Genome scan - Complete workflow

Performing a genome scan for G_st

In this section, we will see how to calculate various profiles along the genome. We will focus during the practicals on only one chromosome (chromosome IV), but this method can be applied to all chromosomes to obtain a global picture of the genome profile.

Two types of data can be used as input:

presence data: we have locations of markers of interest along the genome, and we are interested in their kernel density profile, i.e. their distribution
quantitative data: we have locations of markers of interest along the genome, and for each marker we have an associated numerical value (e.g. Gst). We are not interested in the distribution of markers per se, but in the smoothed profile of the quantitative variable along the genome. In this case we perform a kernel smoothing.

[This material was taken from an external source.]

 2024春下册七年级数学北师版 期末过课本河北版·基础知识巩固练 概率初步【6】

Density smoothing: consensus distribution

TODO Distribution of consensus along chromosome IV

Here we simply plot the positions of consensus along chromosome IV. There are several ways to do it with R:

# R script

# Load the table
d = read.table("blastn-vs-3spine-dna.bestHits", header = T, sep = "\t")

# Keep the unambiguous matches
d2 = subset(d, d$blastndeltaLogBestEvalues >= 5)

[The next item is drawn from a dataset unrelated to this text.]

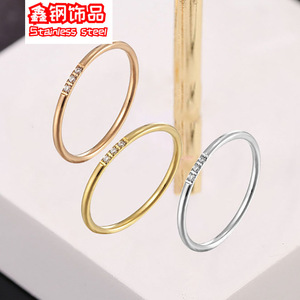 日韓のファッションは簡単で新型の金色の極細の1粒のドリルの円のコイルのチタンの指輪の女性の冷たい風の人差し指の尾戒です。
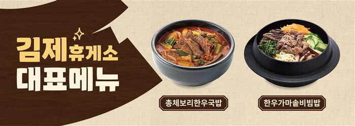 김제휴게소는 지역 특산물을 활용해 메뉴 경쟁력을 갖춘 것이 특징이다. 전라북도 지역의 대표 특산물인 ‘지평선 쌀’과 ‘총체보리한우’를 활용해 △총체보리한우국밥(11,000원) △한우가마솥비빔밥(11,000원) 등 특화 메뉴를 제공하며, 당일 도정한 쌀로 차별화된 식사를 선보인다.

# Keep only matches on groupIV
d3 = subset(d2, d2$blastnsseqid == "groupIV")
dim(d3)

# Plot the ordered positions with a cumulative curve
positions = d3$blastnsstart
plot(sort(positions), 1:length(positions), pch =".")

# Rug plot
rug(positions)

TODO Calculation of the kernel density profile

The density profile can be generated by adding, for each marker location, a small gaussian-shape curve on that location. The gaussian curves for each marker will add up in areas where markers are clustered and produced a high profile. Isolated markers will only produce a small bump on the profile.

The kernel is the shape of the distribution added for each marker. In this case, we use a gaussian kernel, but other kernels exist.

# Kernel density profile
prf = density(d3$blastnsstart, kernel = "gaussian")
plot(prf)

# Change the bandwidth
prf = density(d3$blastnsstart, kernel = "gaussian", bw = 10000)
plot(prf)

# Try other bandwidths
prf = density(d3$blastnsstart, kernel = "gaussian", bw = 100000)
plot(prf)

# Try different kernels on sparse data
x = runif(5) # generater random data
plot(density(x, kernel = "gaussian", bw = 0.05))  # gaussian
rug(x)                                             # see where the markers are
plot(density(x, kernel = "triangular", bw = 0.05)) # triangular
plot(density(x, kernel = "triangular", bw = 0.01)) # triangular, small bw

Try different bandwidths with the consensus data on chromosome IV. How does the bandwidth influence the result? Try different kernels for the consensus data. How does the kernel choice influence the result?

We have plotted the distribution of consensus. We could also plot the distribution of SNP (present in a subset of the consensus). How would you test for SNP-rich and SNP-poor regions?

Calculation of Gst

We pooled the freshwater and the marine populations to obtain two groups that we would like to compare. We calculated rough Gst estimates for each SNP based on the pool data.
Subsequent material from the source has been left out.